Thanks for sharing the link, Brian.

The study concluded

"We report, for the first time, adverse male reproductive
health outcomes in mice (decreased epididymal sperm
counts, increased testis weights, increased serum T) after
prenatal exposure to a laboratory-created mixture of oil
and gas operation chemicals provided via drinking water
at concentrations equal to and below those detected in
industry WW [wastewater] samples"

and

"it is likely that environmentally realistic human

exposure would be in the range of 3–30 g/kg d, experimental

doses assessed in this study, suggesting that we
have appropriately captured environmentally relevant
oral exposure levels for wildlife and/or humans living in
dense-drilling regions."

So they approximated waste stream concentrations and then fed it to lab mice and found it may have caused problems.  Stop the presses! No one should drink direct waste water from wells!

Unbelievable that garbage like this even gets published.  Try feeding mice what comes out of your kitchen sink drain.  Or the bathroom sink.  Or what you squeeze out of your floor mop. Or the chain lubricants you use on your tricycle.  Or the chemicals in make up, hairspray, finger nail polish, paint, cleaners, your car exhaust, lawn spray, garden chemicals, tattoo ink, or hundreds of other commonly used chemicals in homes and industry.

No, Jim, the researchers didn't approximate waste stream concentrations, they approximated drinking water concentrations. They said "environmentally realistic human exposure would be in the range of 3-30 ug/kg*d, suggesting that we have appropriately captured environmentally relevant oral exposure levels for wildlife and/or humans".

You suggest a comparison to kitchen chemicals, but I don't know of thousands of possibly leaky impoundment ponds in Pennsylvania each containing a million gallons of Drano, do you?

"Possibly" is quite the weasel word. I know there are hundreds, perhaps thousands, of sewer treatment plants that will 'possibly' leak toxic chemicals into the water systems of the state. And these sewers handle a lot more toxic chemicals in both variety and quantity, just about every industrial chemical possible.

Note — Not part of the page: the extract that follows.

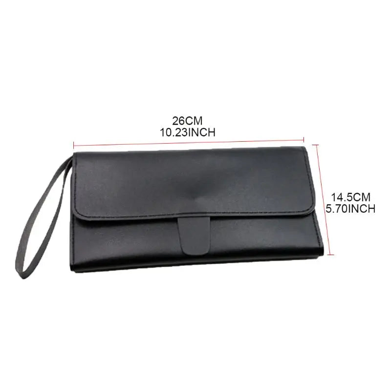 Keep your hairdressing tools organized with this foldable PU leather scissor bag. Perfect for barbers and hairstylists.
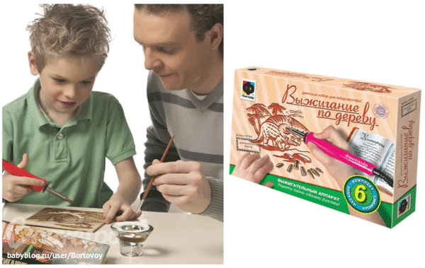 3. Выжигание. Помимо того, что выжигание очень доступное, интересное и творческое занятие, оно очень полезно для развития в ребенке внимательности. аккуратности, усидчивости. С по деревянной поверхности - доске, фанере, ложке, рамке для фотографий, шкатулке. Результат очень зависит как от вида прибора, так и от древесины, на которой выполняется работа. Вначале на заготовку наносят рисунок карандашом, затем приступают к выжиганию. Готовую работу можно покрыть бесцветным лаком. С помощью пирографии можно сделать как простой узор, так и сложнейшую картину, портрет или неповторимый пейзаж.

"Environmentally realistic" is also quite a weasel word as it allows the researcher to determine what they believe is realistic. To date there have been only a handful of water issues and these have been re mediated. Too small a number to determine what is 'realistic.' 

Naturally occurring contaminates in water like arsenic, radon, lead, E Coli, and methane are a much bigger issue. 40-45% of water wells in Pa do not meet federal recommendations.